Chinese New Year may not be a happy affair for all

HRM 05 Feb 2013

To the Chinese, there is no festival more important that the Chinese New Year. In China, companies scaling back on the traditional annual celebrations are raising the ire of its workers, who deem it as nothing less than a travesty.

This cut in spending has much to do with the austerity drive launched by the new Chinese leadership of Xi Jin Ping due to the economic slowdown. Government departments and state-owned enterprises across China have had to cancel their festivities, causing many workers see red.

According to a report by Financial Times, even private companies are getting into the spirit of austerity, with some opting to hold their parties at fast food  restaurants.

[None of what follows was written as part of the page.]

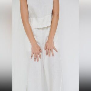Wide-leg, natural linen trousers Ocean. Straight-cut, slightly cropped silhouette for a simple, comfortable yet clean and chic look. Elasticated waistband and spacious front pockets are the key elements here. No unnecessary details – just classic high-rise summer linen pants made out of 100% pre-washed linen.

CIC, China's $500bn sovereign wealth fund, opted not to hold a new year party this year. One employee was quoted as saying: "We have never been extravagant in our nianhui [new year parties], and actually had a really good year last year. I can understand if they wanted to do a smaller nianhui, but none at all is going too far."

In Shanghai, employees from branches of Agricultural Bank of China and Pudong Development Bank said their year-end festivities did not take place.

On Sina Weibo, the microblogging site, one employee posted pictures of her company's year end party at Pizza Hut, while another complained her company party at a five-star hotel took place from 9am to 11am and offered only the bare minimum: "No gifts, no lunch, no set plate . . . no tea or coffee offered. Everyone only got a mini bottle of mineral water."